The first scenario makes sense to me because they are following up with the same clinic and they will be providing the global care. The second scenario I can't seem to wrap my head around. If the documentation only states that the patient was splinted, given pain medication and told to follow up with a hand surgeon, did they really provide the restorative treatment for that fracture? What if the hand surgeon did a more extensive procedure, would they be stuck with only a small portion of the reimbursement because they would have to attach the -55 modifier? I'm having a hard time understanding how an orthopedic clinic would be satisfied with coding a -55 modifier. I'm doing a bunch of research online and nothing seems to be geared towards Urgent Care, only Emergency Department physicians. It makes sense to me for my clinic to bill the splinting and not the fracture care. That way, if the orthopedist needs to do further treatment, they would get the "credit" or reimbursement they deserve for the amount of work they did.
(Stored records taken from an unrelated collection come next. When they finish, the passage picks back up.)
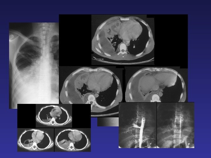 ОСТРЫЙ АБСЦЕСС ЛЕГКОГО Рентгенологические признаки: • полость с горизонтальным уровнем; • стенки абсцесса имеют неравномерную толщину; • внутренний контур полости обычно ровный и четкий; • наружные контуры нечеткие, размытые; • в окружающей легочной паренхиме – воспалительная инфильтрация. Дифференциальный диагноз: Распадающийся периферический рак, каверна, эхинококковая киста.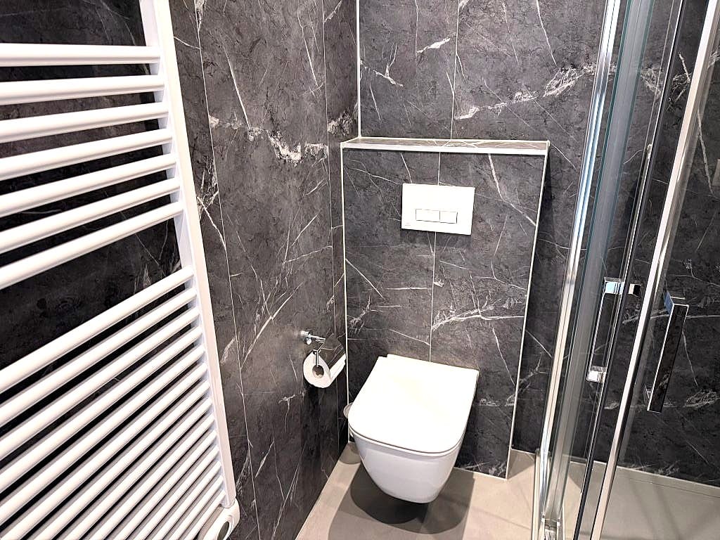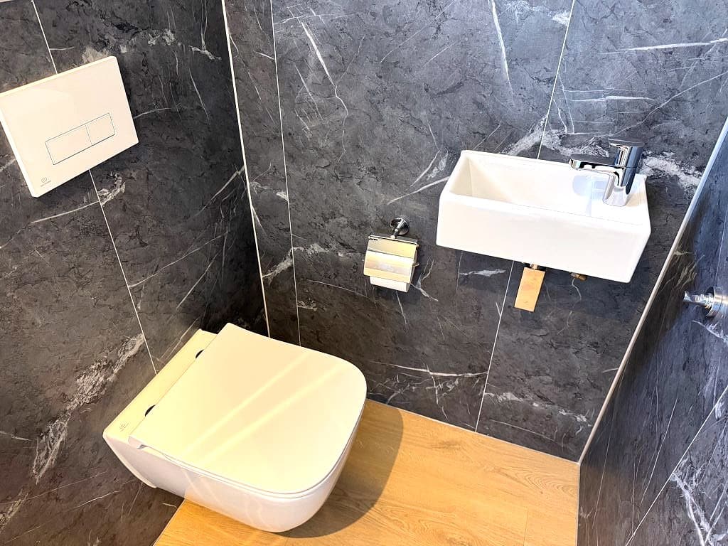 Er zijn maar liefst 2 riante en moderne badkamers die beide zijn voorzien van 100% waterdichte trespa platen in tegel en betonlook, een inloopdouche met regenkop, wastafel met meubel en een spiegel, design radiator, mechanische ventilatie en een kiepraamkozijn. in de hal is er een aparte toilet ruimte.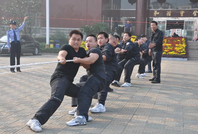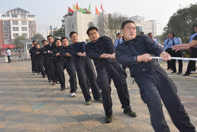 為了慶祝祖國(guó)母親60歲生日,10月1日上午,保安公司派出代表隊(duì)參加市局舉辦的拔河比賽。賽前,公司押運(yùn)經(jīng)理秦平柱對(duì)參賽隊(duì)員進(jìn)行了賽前動(dòng)員,要求大家要以良好的精神狀態(tài)和積極的心態(tài)參加此次比賽。

I'm really sorry if I'm confusing in any way. I'm just trying to find a resource that I can turn to for much needed help. Thank you in advance for any assistance you can provide!
 
There are two ways to bill for fracture treatment, fracture global, or fracture alternative. If you are not performing definitive fracture management by simply applying a splint until a specialist can better treat the fracture then you bill a visit level with a splinting code, this is fracture alternative and it can be billed this way when it is a non displaced fracture or a fracture beyond your providers ability to manage. In this way there is no global and the specialist can then apply fracture care when they perform definitive fracture care.